Limitations & Future Work

  • Dependency on off-the-shelf 2D detectors makes this a two-stage method where 2D errors propagate (a common limitation in lifting).
  • The likelihood assumption in RPEA (exponentiated negative reprojection error) is a "reasonable but not necessarily exact" approximation; \(\alpha\) and Top-K require tuning. Note: Camera parameters/projection details were not fully elaborated in the main text.
  • Animal experiments did not utilize RPEA, and the impact of multi-hypothesis gains in that domain requires further study.
  • Future work could explore single-step velocity fields (as FM can theoretically support single-step sampling) and incorporate more geometric priors beyond FHA into hypothesis generation.
  • vs. DiffPose / D3DP (Diffusion-based): Both perform probabilistic lifting, but diffusion learns stochastic SDEs (10–15 steps).
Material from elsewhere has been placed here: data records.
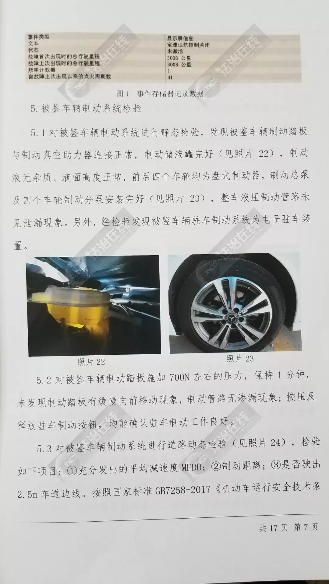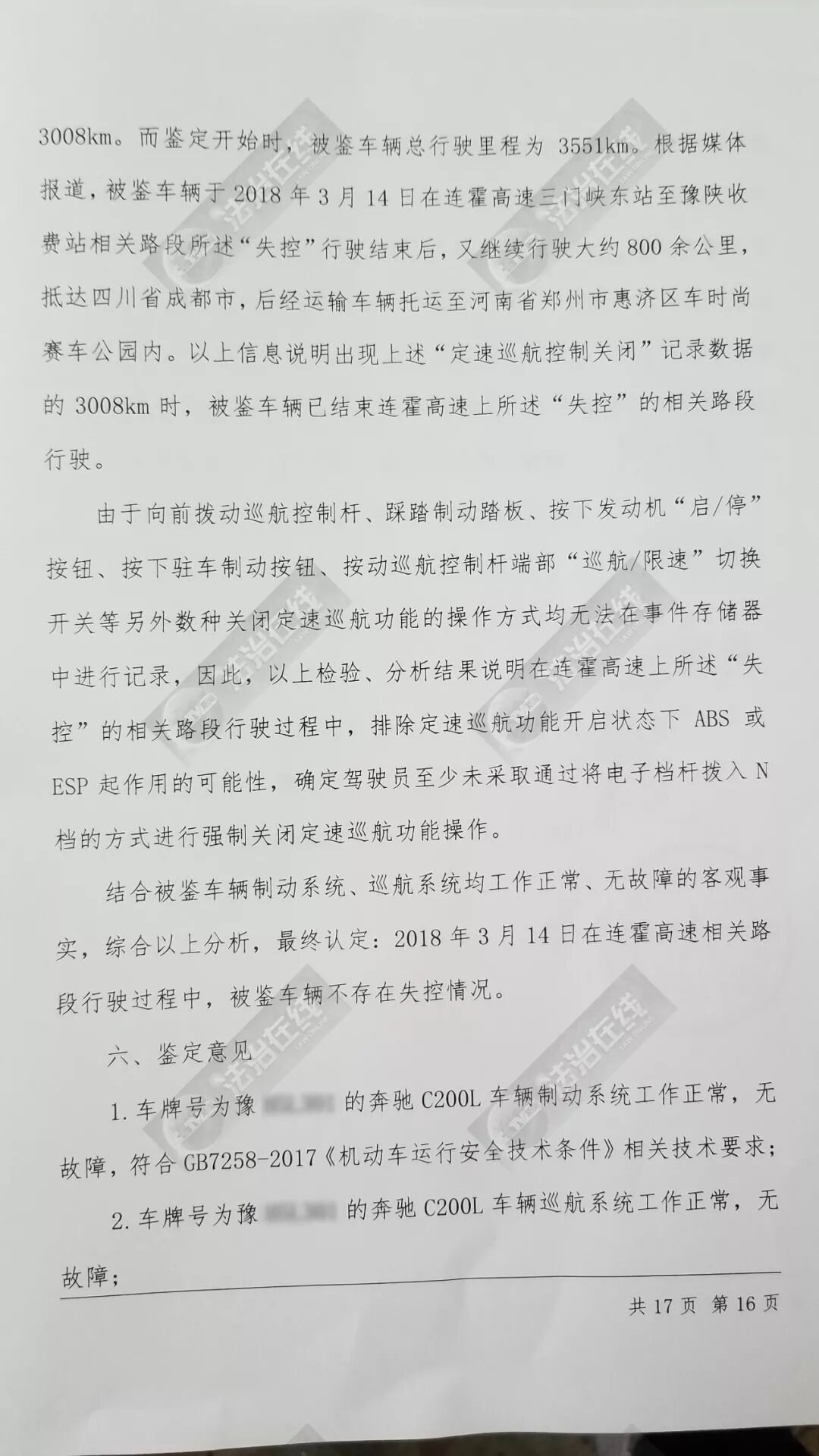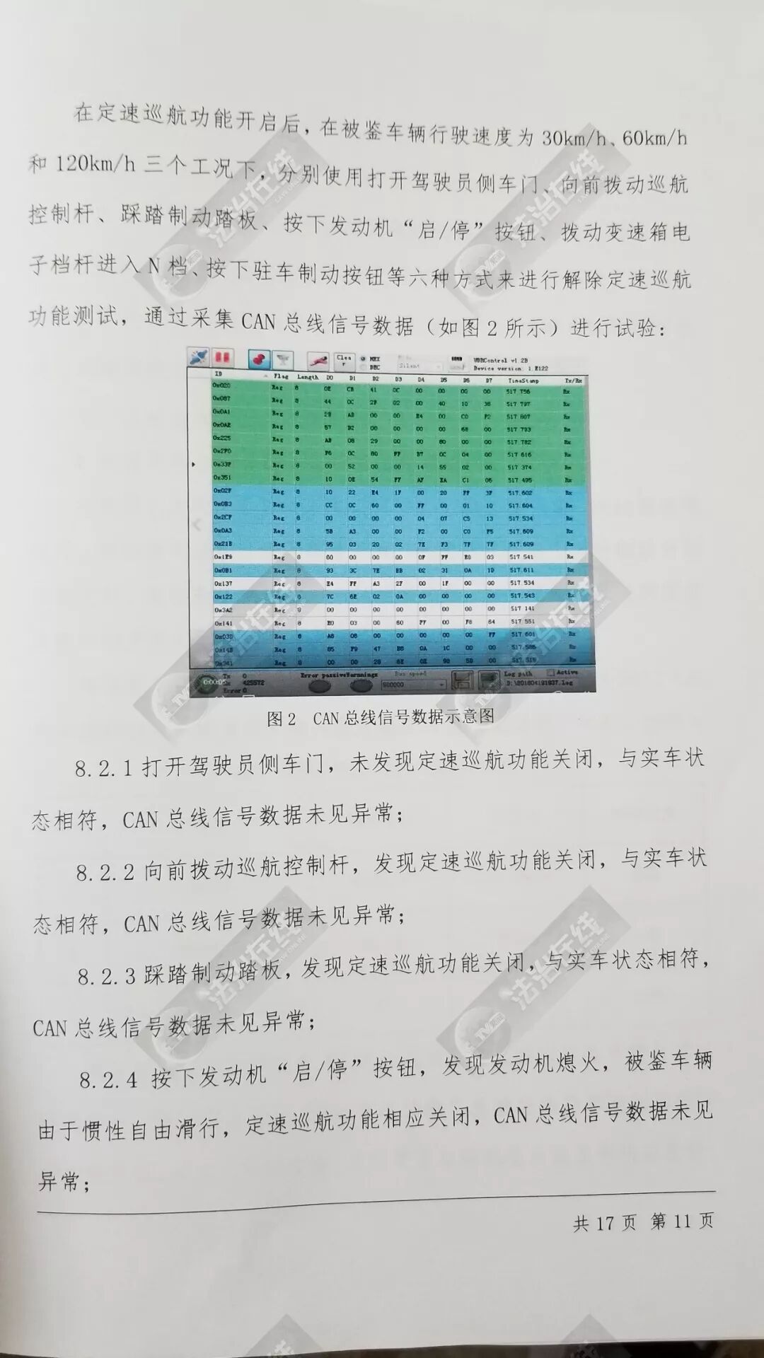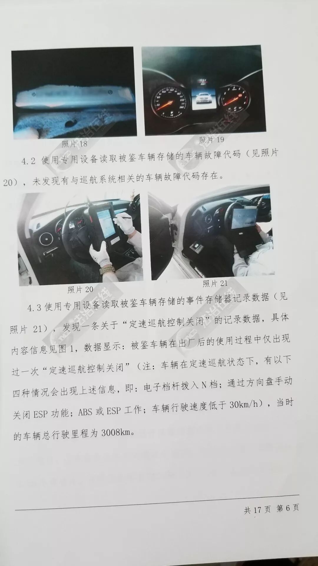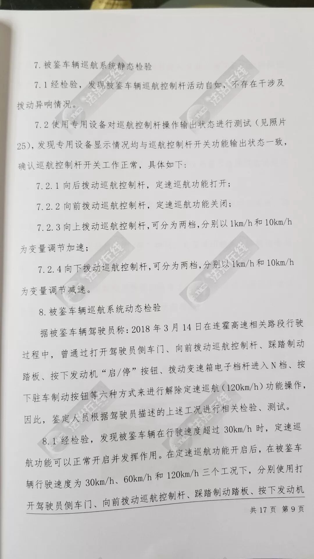 司法鉴定意见书显示,在车辆存储的事件存储器记录数据,发现了一条关于“定速巡航控制关闭”的记录数据,该数据显示,车辆在出厂后仅出现过一次“定速巡航控制关闭”,出现上述记录的车辆总行驶里程为3008km,而鉴定开始时,车辆总行驶里程3551km,车主事发后,从华阴收费站行驶大约800余公里到达成都,也就是说,出现“定速巡航控制关闭”的记录数据,是发生在事发后车主从华阴收费站到成都的路上。
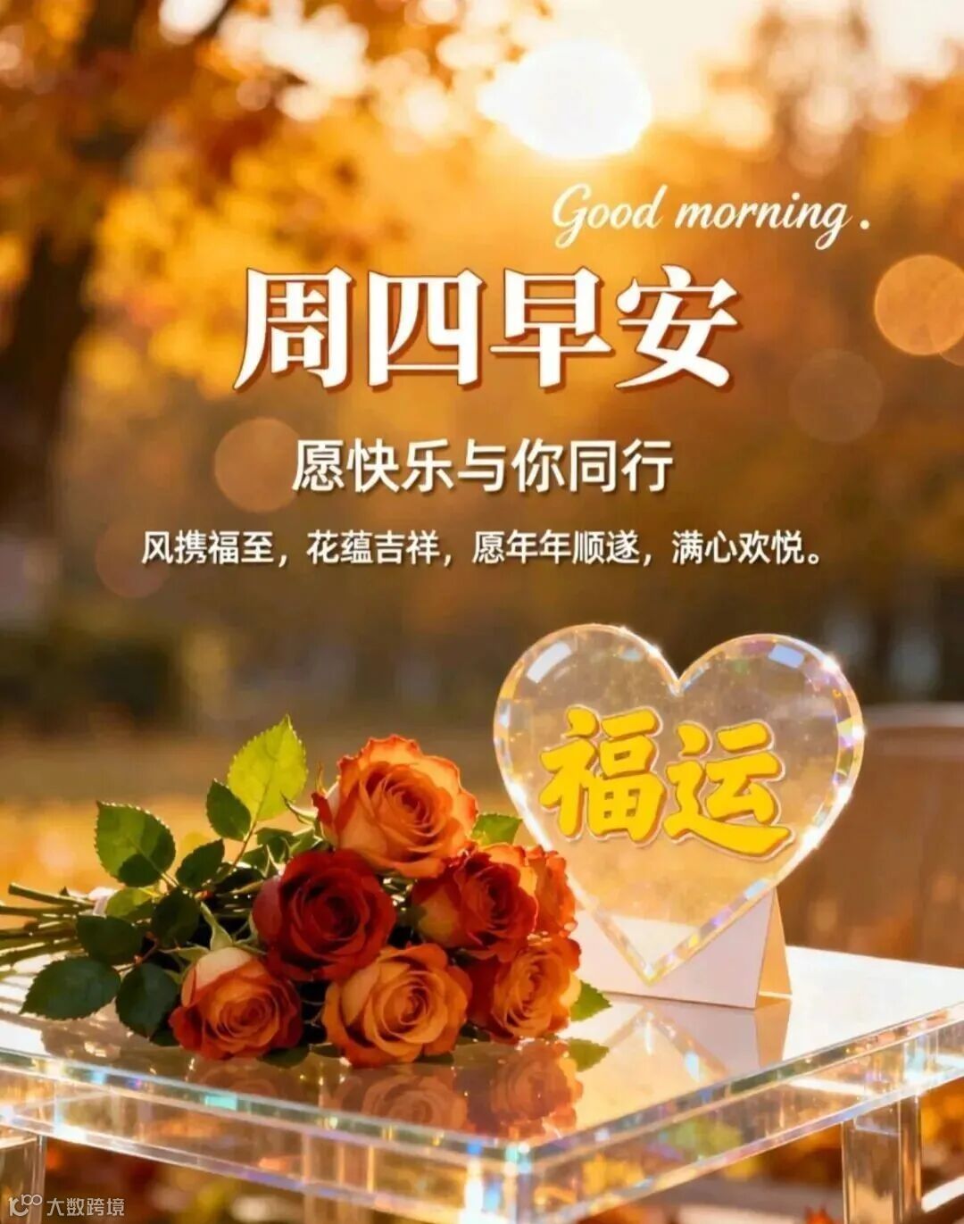 今日周四,恰逢深冬时节,寒意渐浓,但人心可以更暖。周四的清晨带着深冬的清冽与静谧如约而至。窗外或许凝着薄薄的霜花,阳光穿透晨雾洒下柔和的光晕,给寒冷的冬日添了几分暖意。愿清晨的第一缕阳光照亮你的前路,驱散所有疲惫与迷茫,周四早安!
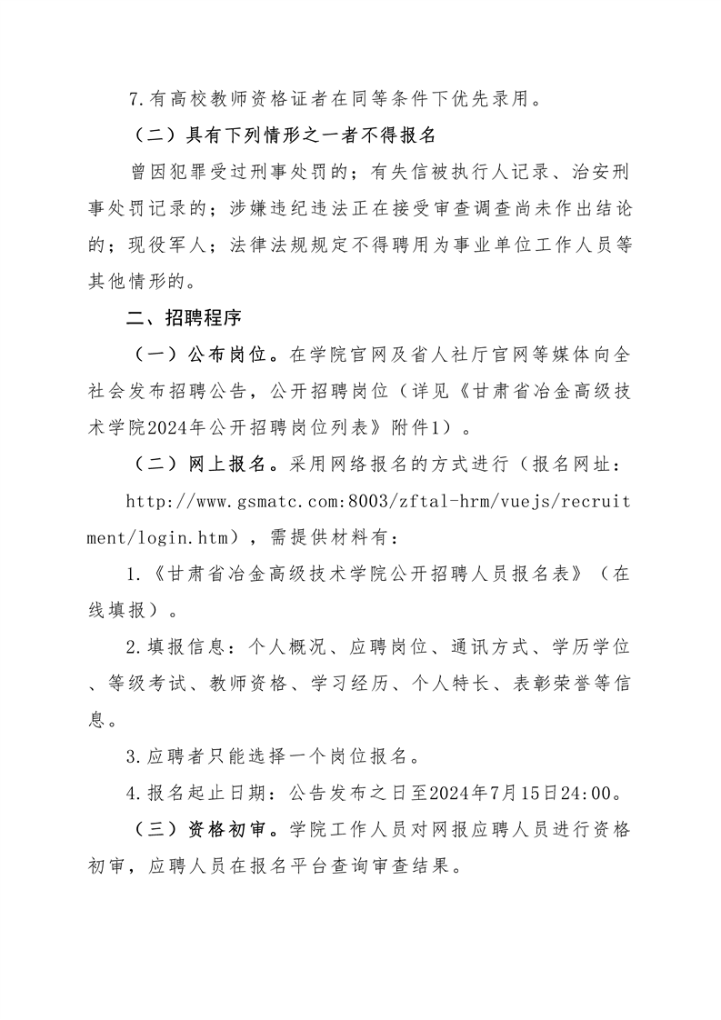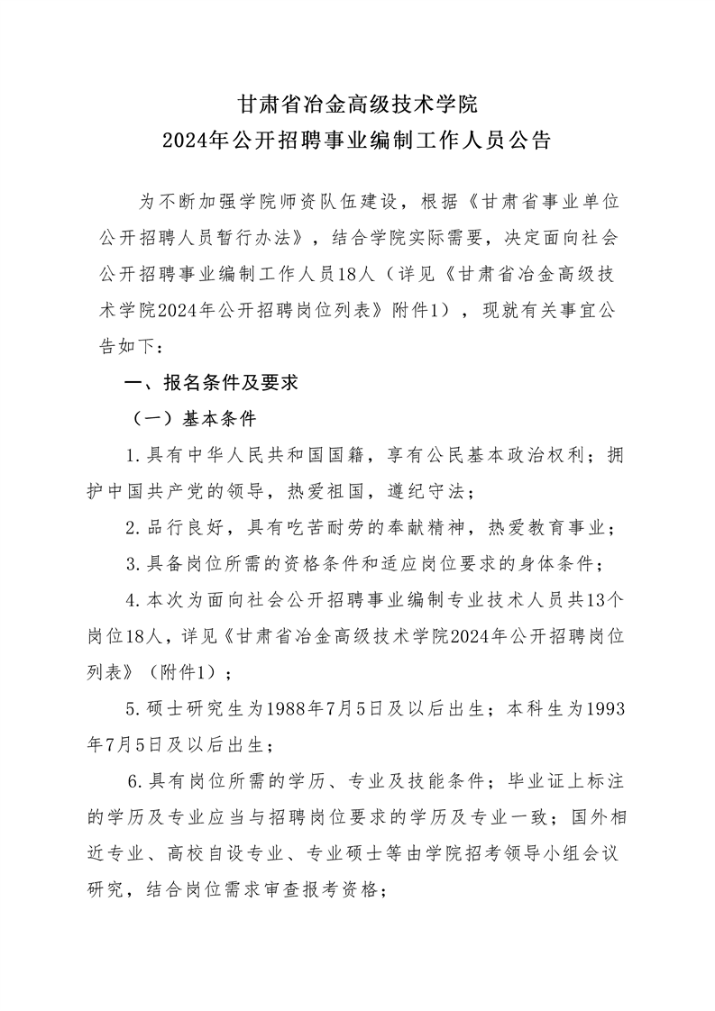 甘肅省冶金高級(jí)技術(shù)學(xué)院2024年公開招聘崗位列表 -公告.pdf
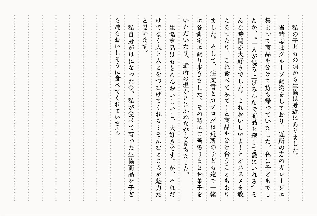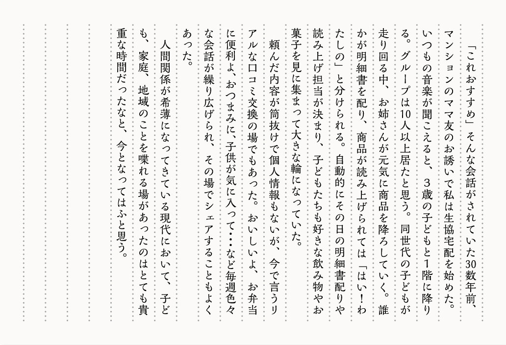 子どもの頃から生協が身近なものでご近所の温かさに包まれていたことが、班配送で集まった方々との楽しそうなやりとりや商品を分けあう様子から当時の風景が浮かび、あたたかい気持ちになりました。母となり子どもへと受け継がれている生協商品への愛だけでなく、人とのつながりの大切さが伝わってきました。
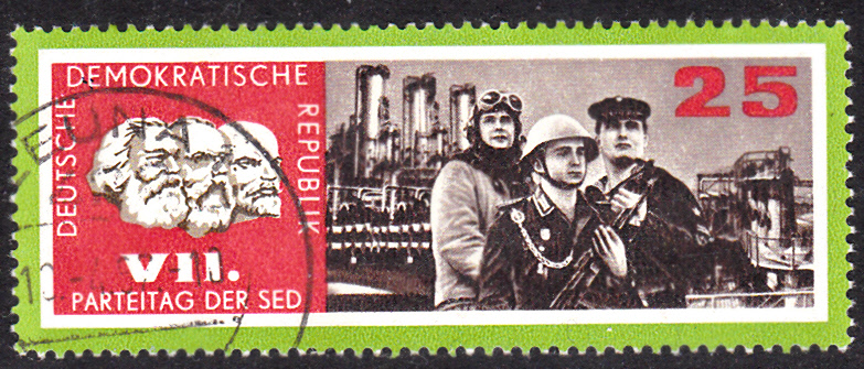 Zum Parteitag der Sozialistischen Einheitspartei Deutschlands (SED) im Jahre 1967 erschien in einer Serie diese Marke zu 10 Pfennig (Minr 1258) mit dem Regiepult einer Chemie-Anlage und den Kopfbildern von Marx, Engels und Lenin.
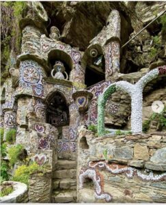 I Visconti Venosta passano l’estate in Valtellina a Grosio. Nicola li segue e conosce un ragazza del posto, Domenica, che diventerà sua moglie. Cinque anni di rapporti epistolari, Nicola è ancora cuoco in un ristorante a Torino sul colle di Superga. Fa anche il ferroviere. Infine il matrimonio. Mette su famiglia a Grosio in via Rovaschiera dove c’è uno sperone roccioso (la mente va alla rupe che sovrasta Pizzoferrato). E pensa di farci qualcosa quando non è impegnato nel lavoro. Comincia così, un pochino alla volta, negli Anni 80. È andato avanti per tutto questo tempo salendo gradino dopo gradino, fino ad oltreropassare il numero di 200. Il tutto meravigliosamente decorato.

This work learns deterministic ODE velocity fields (3 steps), yielding better accuracy (47.3 vs 49.7 mm) and 5× faster speed. RPEA replaces the uniform averaging used in DiffPose.
  • vs. JPMA (Aggregation in D3DP): JPMA selects a single "best" joint/pose, saturating with large \(N\) and breaking structure in joint-wise mode. RPEA uses weighted posterior expectation over Top-K candidates, which is theoretically closer to Bayesian optimality and maintains skeletal consistency.
  • vs. CVAE / NF / GAN (Other Probabilistic): FM offers a simpler training objective (single CFM regression loss) and faster deterministic sampling, avoiding GAN instability, NF architectural constraints, or CVAE diversity issues.

Rating

  • Novelty: ⭐⭐⭐⭐⭐ First application of Flow Matching to 2D-to-3D pose lifting with a Bayesian-motivated RPEA module.
  • Experimental Thoroughness: ⭐⭐⭐⭐ Coverage of two human and two animal datasets, speed benchmarks, and aggregation comparisons; some metrics (P-MPJPE) are reserved for the supplement.
  • Writing Quality: ⭐⭐⭐⭐⭐ Clear derivations ranging from FM mechanisms to RPEA's Bayesian justification.
  • Value: ⭐⭐⭐⭐⭐ Balances accuracy and real-time performance (160 FPS), providing a more practical paradigm for probabilistic 3D pose estimation than diffusion.